*Input records*:
· · · · ·

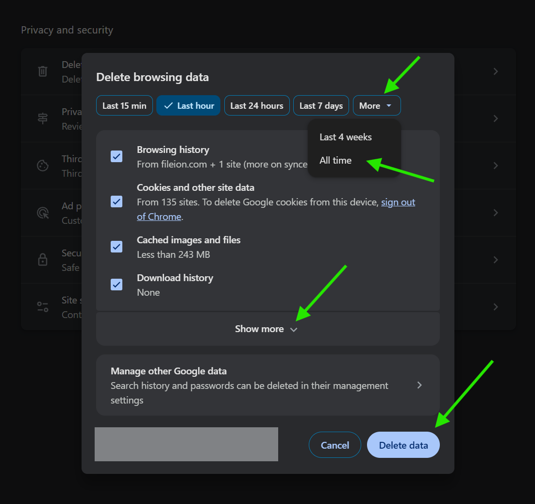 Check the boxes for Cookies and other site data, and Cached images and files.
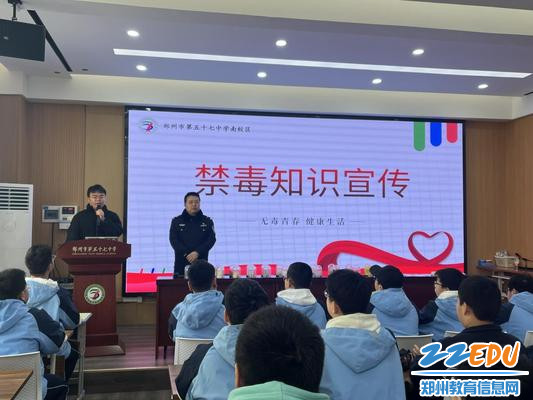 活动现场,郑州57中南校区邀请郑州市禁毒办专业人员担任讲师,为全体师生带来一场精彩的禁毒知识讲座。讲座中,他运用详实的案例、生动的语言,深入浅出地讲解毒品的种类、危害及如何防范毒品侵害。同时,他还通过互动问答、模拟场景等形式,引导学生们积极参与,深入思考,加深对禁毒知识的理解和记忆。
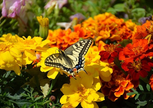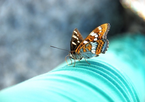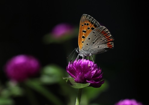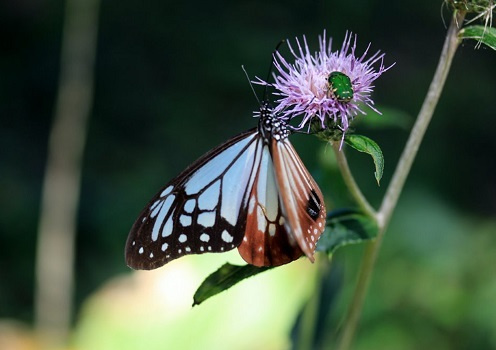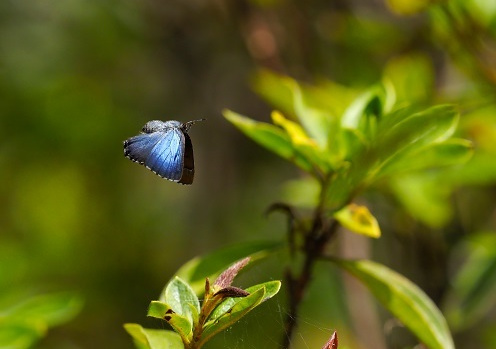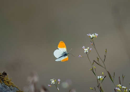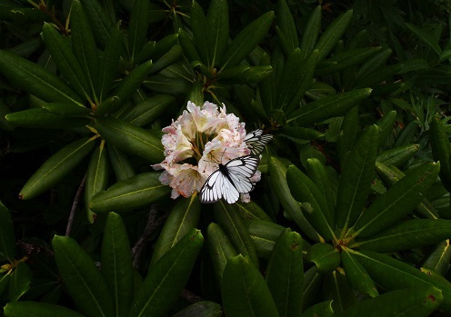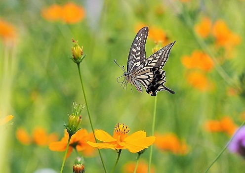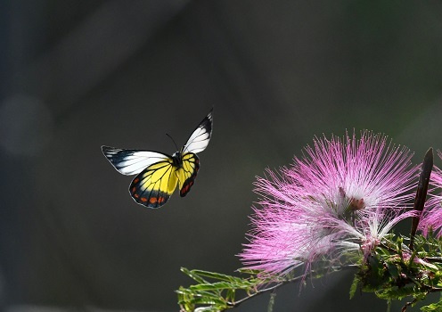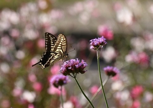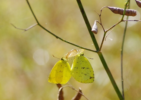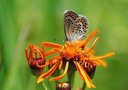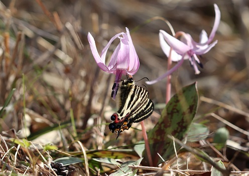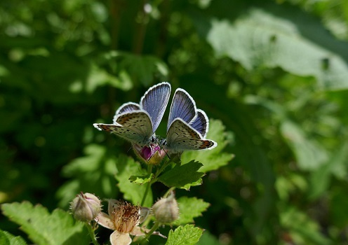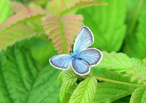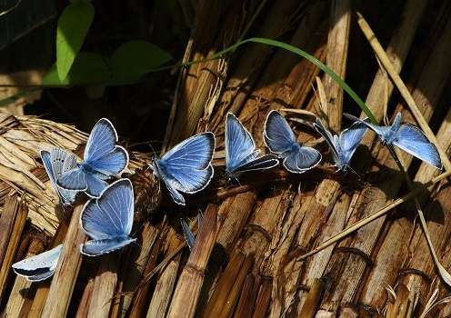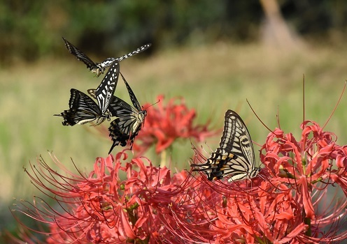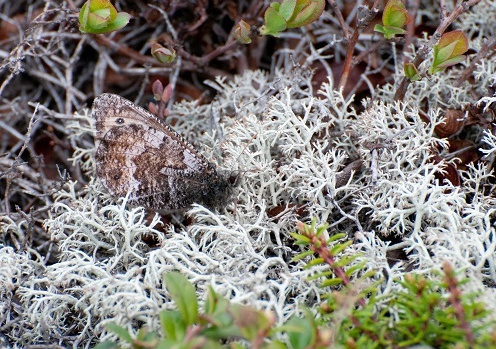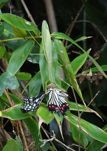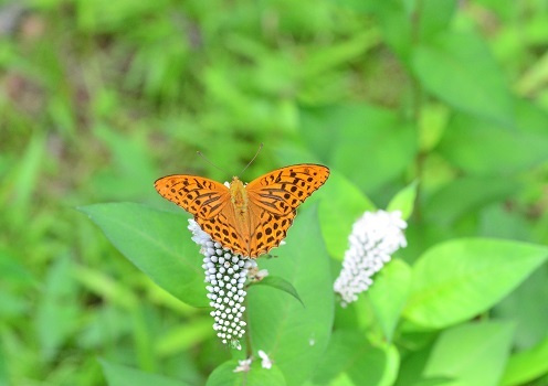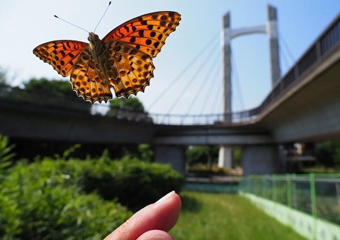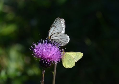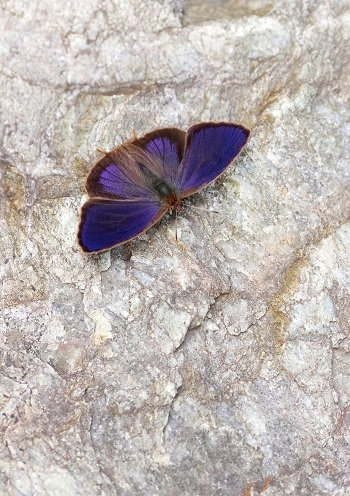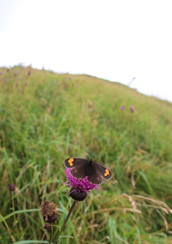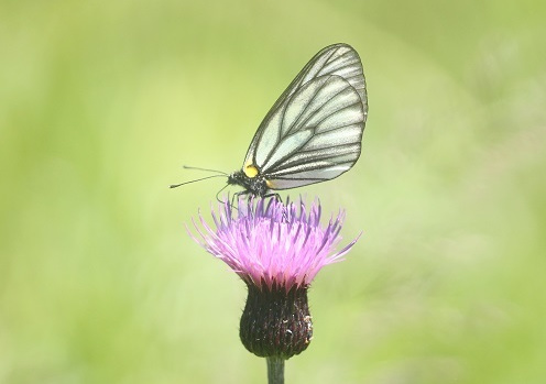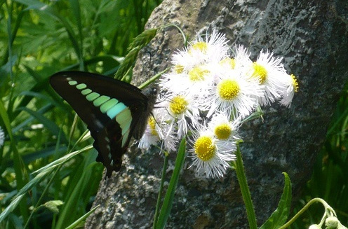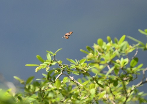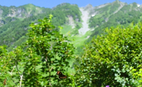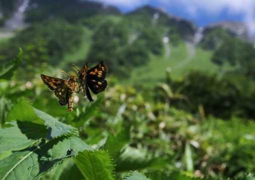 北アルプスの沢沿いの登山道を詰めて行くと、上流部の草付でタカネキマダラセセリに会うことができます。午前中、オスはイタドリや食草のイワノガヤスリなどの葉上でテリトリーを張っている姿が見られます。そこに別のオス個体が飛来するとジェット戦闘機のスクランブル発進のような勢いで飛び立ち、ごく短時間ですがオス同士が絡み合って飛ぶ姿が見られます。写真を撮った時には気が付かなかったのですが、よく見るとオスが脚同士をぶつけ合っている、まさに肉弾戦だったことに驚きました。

· · · · ·

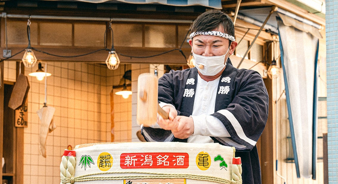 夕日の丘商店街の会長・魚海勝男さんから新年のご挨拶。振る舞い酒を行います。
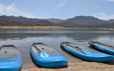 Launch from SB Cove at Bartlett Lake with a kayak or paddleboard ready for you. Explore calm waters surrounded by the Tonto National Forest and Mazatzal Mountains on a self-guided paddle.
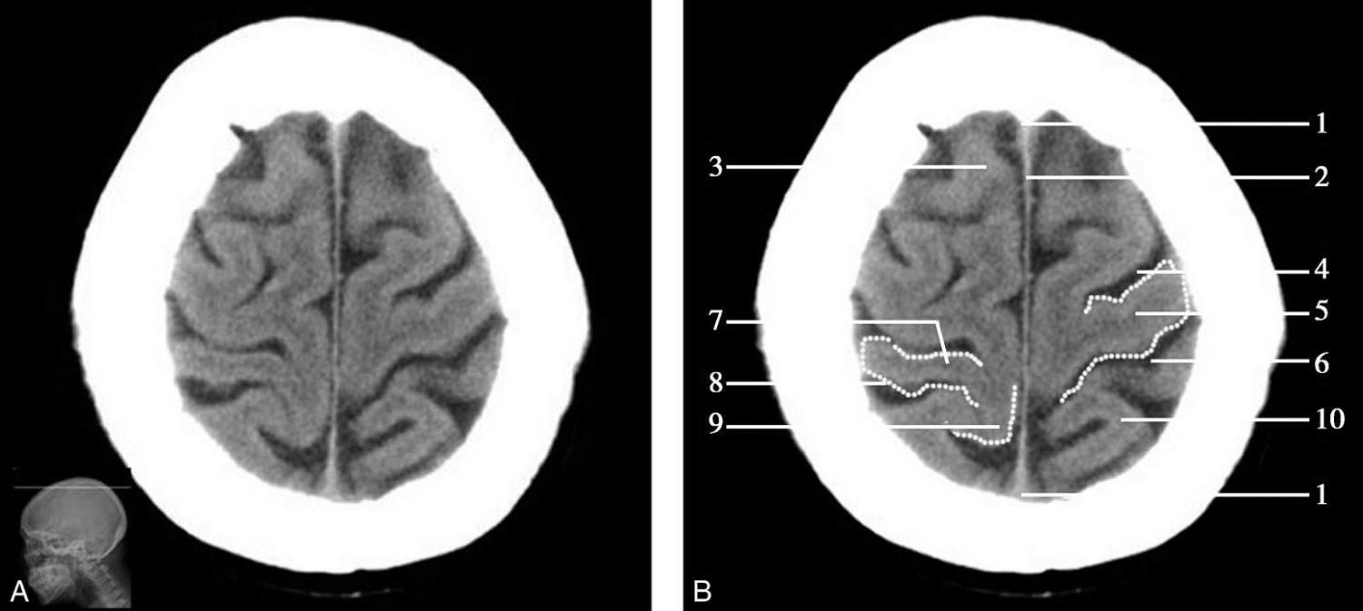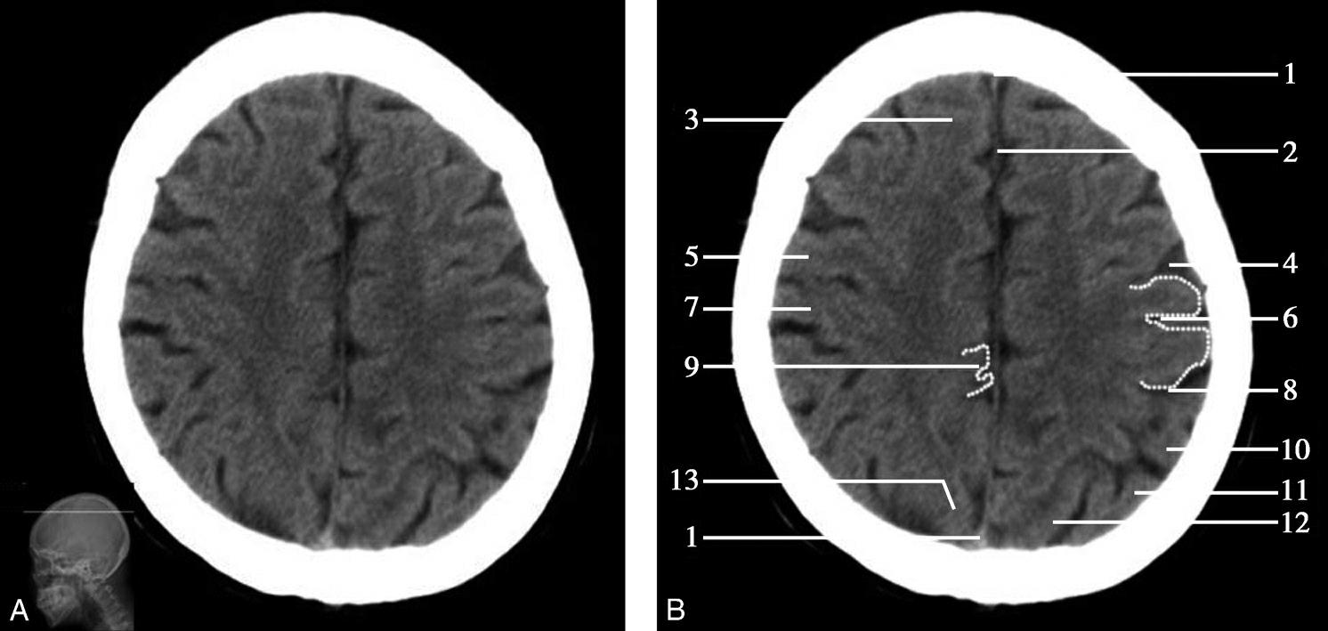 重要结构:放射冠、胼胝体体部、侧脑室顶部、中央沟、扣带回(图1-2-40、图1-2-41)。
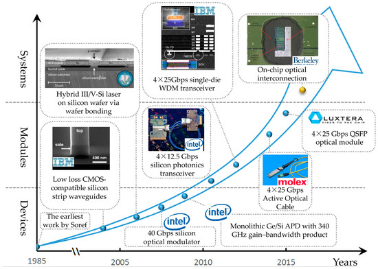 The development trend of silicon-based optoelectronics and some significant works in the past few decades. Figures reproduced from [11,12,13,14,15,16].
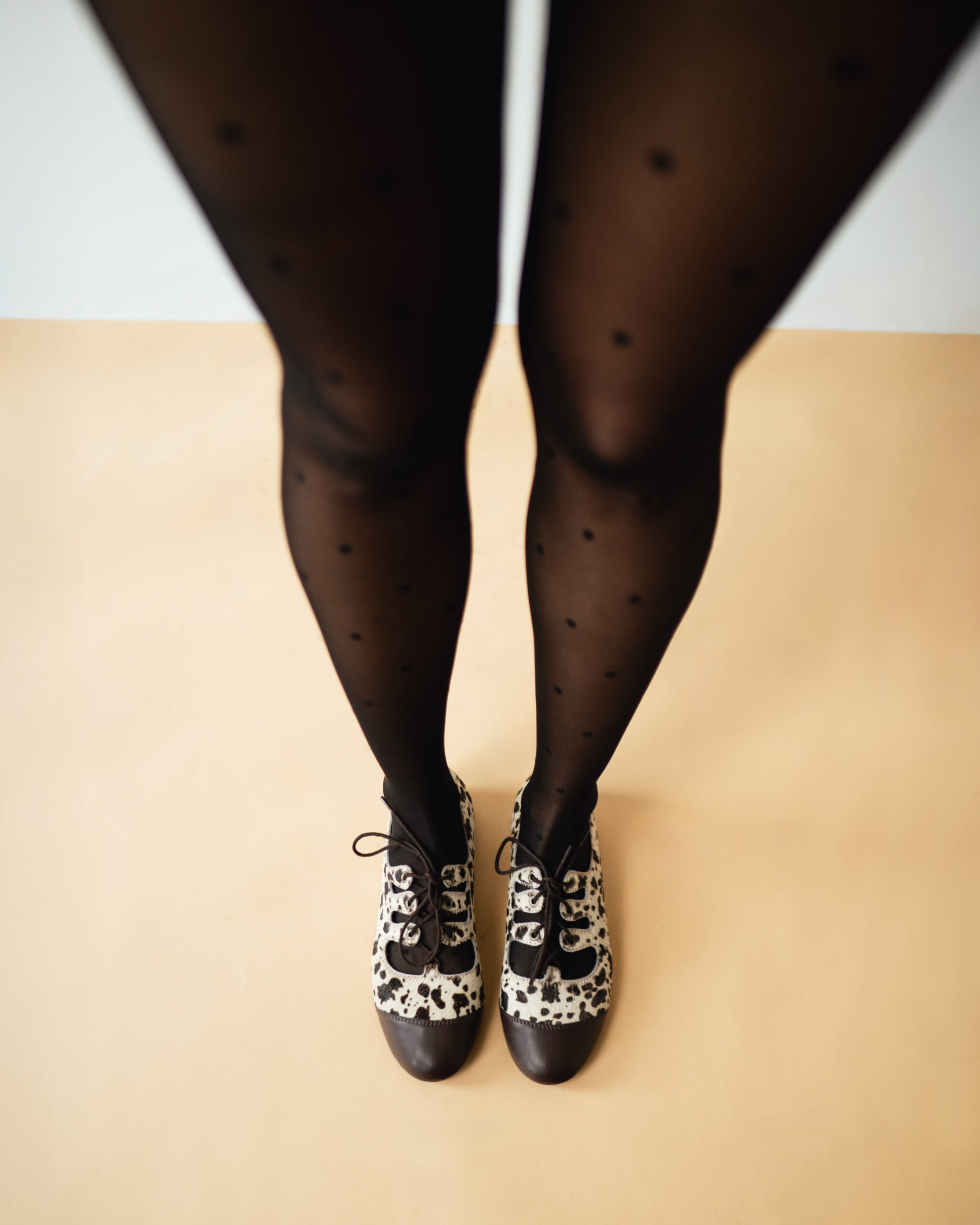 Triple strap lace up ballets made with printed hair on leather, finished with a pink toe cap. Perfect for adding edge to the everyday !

· · · · ·

Output exactly the lines above, from the line with "The development trend" to the line with "Triple strap lace", both included; skip the pictures.

*Your response*:
 The development trend of silicon-based optoelectronics and some significant works in the past few decades. Figures reproduced from [11,12,13,14,15,16].
 Triple strap lace up ballets made with printed hair on leather, finished with a pink toe cap. Perfect for adding edge to the everyday !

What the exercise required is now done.